Direct SQL, raw rows trades narration for flexibility. The LLM only has to write a single SQL statement, which keeps it fast at any result-set size — 100 rows came back in 5.3 s — and lets the user ask anything the schema can answer. The cost is that the result is a table; turning that into a sentence is an exercise for the reader.

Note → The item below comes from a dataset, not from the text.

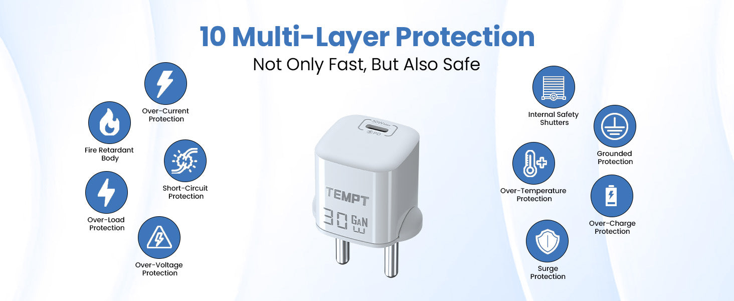 Smart & Safe: Multi-layer protections including over-current, over-voltage, over-temperature, short-circuit, and fire-retardant body.

Tool-calling via the Domain Tool Engine trades flexibility for accuracy. Hallucinated columns are impossible by construction, and small queries return in 1–2 s. The cost is that the model can only ask the questions the engine has tools for, and the questions it asks are bounded by what the model already knows about the schema — which is, currently, nothing specific to our database.

Where this would go next

  • Agentic loops. Both patterns above are single-shot: the LLM gets one chance to write the SQL, or one chance to pick a tool. An agentic version — multiple LLM calls, the model checking its own work and retrying when the result does not match the question — would address both kinds of failure on the page. In direct SQL it would catch a query that returned nothing useful and revise it; in tool-calling it would chain tools correctly, picking a property that has a pet before looking up the pet record.
  • More capable models, in a sovereign region. Agentic loops mean more LLM calls per question, and that is the cost. A 14B model running locally on an M1 starts to feel slow under multi-step reasoning — we ran experiments that confirmed this; they are not shown here. The natural next step is a more capable model hosted in a region-locked cloud environment: an Australian-resident hyperscaler region, or a sovereign AI provider. The “no data leaves the machine” purity goes; the “no data leaves the country” property is preserved, and the model has the headroom to plan, retry, and chain tool calls without timing out.